**Task prompt**
Please repeat, exactly as they stand, the line containing "চট্টগ্রামের ফটিকছড়ি উপজেলাকে" and the lines after it through the final line of the listing below, minus pictures.

Data section Block Start

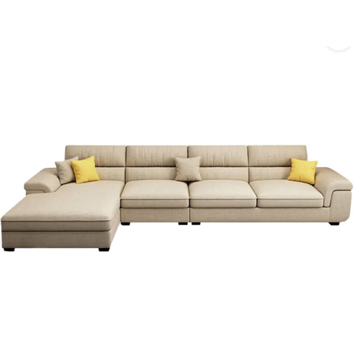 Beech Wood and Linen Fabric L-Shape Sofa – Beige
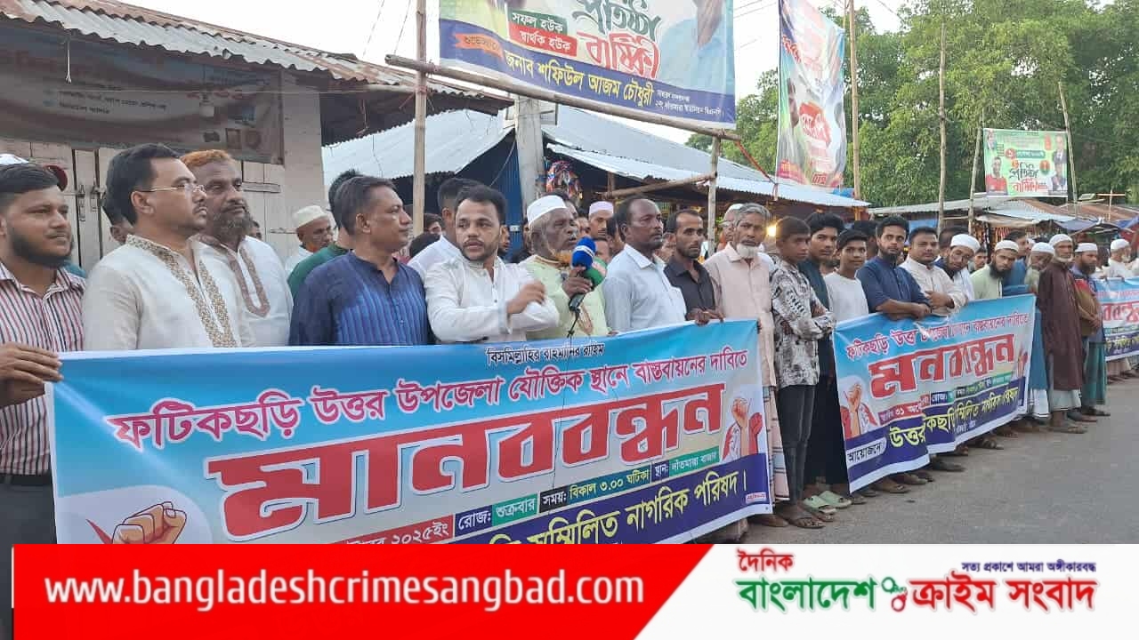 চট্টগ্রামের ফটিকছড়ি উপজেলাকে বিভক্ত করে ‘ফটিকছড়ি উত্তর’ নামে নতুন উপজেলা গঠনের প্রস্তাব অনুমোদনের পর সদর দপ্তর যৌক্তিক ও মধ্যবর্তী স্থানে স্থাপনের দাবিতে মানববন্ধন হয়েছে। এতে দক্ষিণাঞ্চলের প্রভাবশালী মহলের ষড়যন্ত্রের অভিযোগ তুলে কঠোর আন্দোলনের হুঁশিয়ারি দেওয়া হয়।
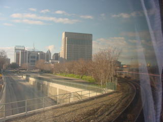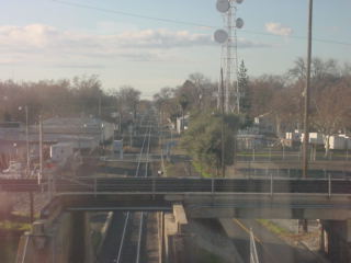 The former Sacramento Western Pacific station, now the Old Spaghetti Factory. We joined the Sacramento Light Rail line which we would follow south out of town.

Data section Block End

**Task solution**
 চট্টগ্রামের ফটিকছড়ি উপজেলাকে বিভক্ত করে ‘ফটিকছড়ি উত্তর’ নামে নতুন উপজেলা গঠনের প্রস্তাব অনুমোদনের পর সদর দপ্তর যৌক্তিক ও মধ্যবর্তী স্থানে স্থাপনের দাবিতে মানববন্ধন হয়েছে। এতে দক্ষিণাঞ্চলের প্রভাবশালী মহলের ষড়যন্ত্রের অভিযোগ তুলে কঠোর আন্দোলনের হুঁশিয়ারি দেওয়া হয়।
 The former Sacramento Western Pacific station, now the Old Spaghetti Factory. We joined the Sacramento Light Rail line which we would follow south out of town.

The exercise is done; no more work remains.